Uit recent onderzoek naar slijmzwam – een eencellig eukaryotisch organisme dat geen hersenen, geen zenuwstelsel heeft en op een gele plas lijkt – is gebleken dat het beslissingen neemt, zijn omgeving waarneemt en uit talloze opties het meest voedzame voedsel kan kiezen. Bij wijze van experiment rangschikten onderzoekers havervlokken in het geografische patroon van steden rond Tokio, en de slijmzwam bouwde buizen voor het geleiden van voedingsstoffen die het nauwgezet geplande grootstedelijke spoorwegsysteem nauw nabootsten. Aan de Columbia Universiteit heeft de bioloog Martin Picard ontdekt dat mitochondriën, de organellen die in de cellen van bijna elk complex organisme worden aangetroffen, ‘met elkaar en met de celkern communiceren, groepsvorming en onderlinge afhankelijkheid vertonen, hun gedrag synchroniseren en zich functioneel specialiseren om resultaten te bereiken, specifieke functies binnen het organisme.” Niemand concludeert dat de mitochondriën bewust zijn, maar als een dier ter grootte van een hond zich zo zou gedragen, zouden we er dan intuïtief een basisniveau van bewustzijn aan toeschrijven?

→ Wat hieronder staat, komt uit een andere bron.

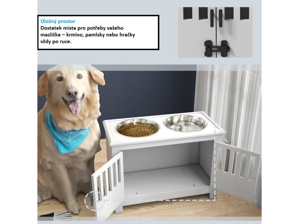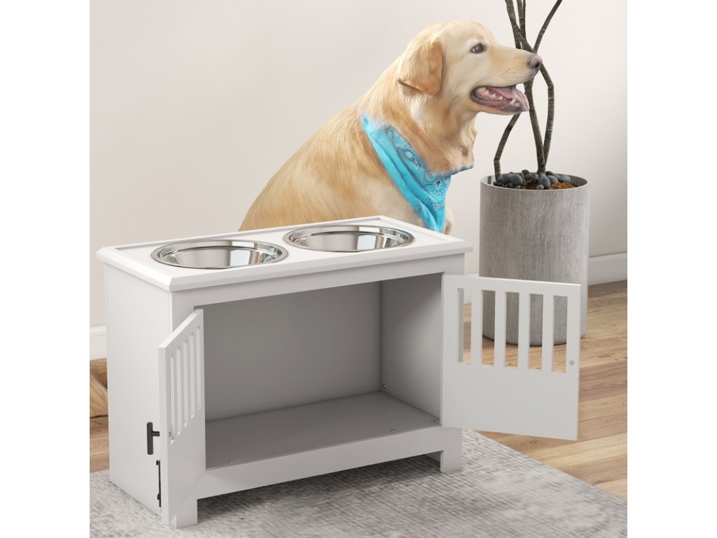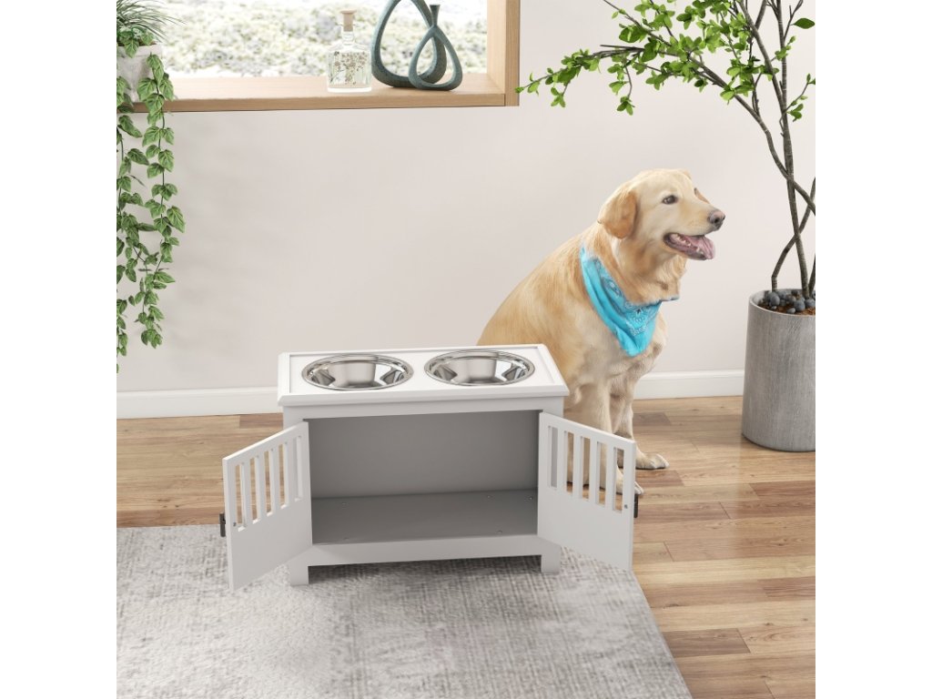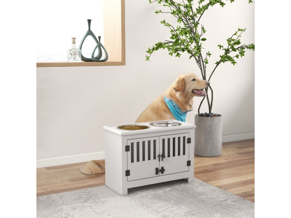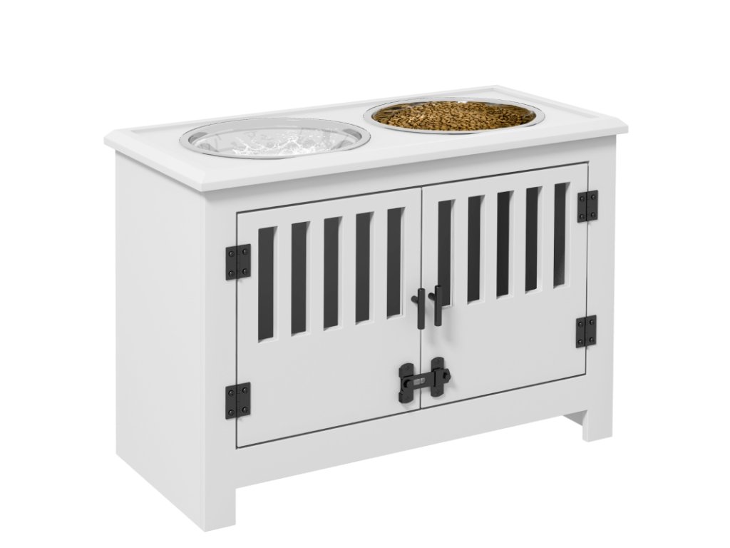 Miska na krmení pro psy se skříňkou, bílá
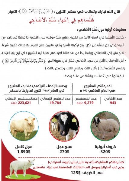 أطلقت الرعاية – إحدى مؤسسات الهيئة الإسلامية للرعاية مشروع أضاحي العيد للعام 2016 تحت شعار "شاركنا الأضحى" إحياءاً لسنة الأضاحي وتطبيقاً لشريعة الدين الإسلامي الحنيف عملاً بقوله تعالى في كتابه الكريم "فَصَلِّ لِرَبِّكَ وَانْحَرْ" صدق الله العظيم.

‘Ik vind het opvallend’, vertelde de neurowetenschapper Christof Koch mij tijdens een videogesprek, ‘dat we na 2400 jaar nu terug zijn bij panpsychisme. Dit is hetzelfde als wetenschappers die bespreken of de aarde werkelijk plat is, of dat het hart de zetel van de ziel is. Ik bedoel …"
“Panpsychisme betovert de wereld opnieuw, verankert ons diep in de klimaatcrisis en plaatst ons op een continuüm van bewustzijn met alles wat we om ons heen zien.”
Koch, een van de meest gerenommeerde neurowetenschappers ter wereld, is hoofdwetenschapper van het MindScope-programma van het Allen Institute for Brain Science in Seattle. Gedurende de jaren negentig en het begin van de jaren 2000 werkte hij nauw samen met wijlen Nobelprijswinnaar Francis Crick (die samen met James Watson, Maurice Wilkins en Rosalind Franklin de dubbele helixstructuur van DNA ontdekte) om de basis te leggen voor een neurowetenschap van het bewustzijn.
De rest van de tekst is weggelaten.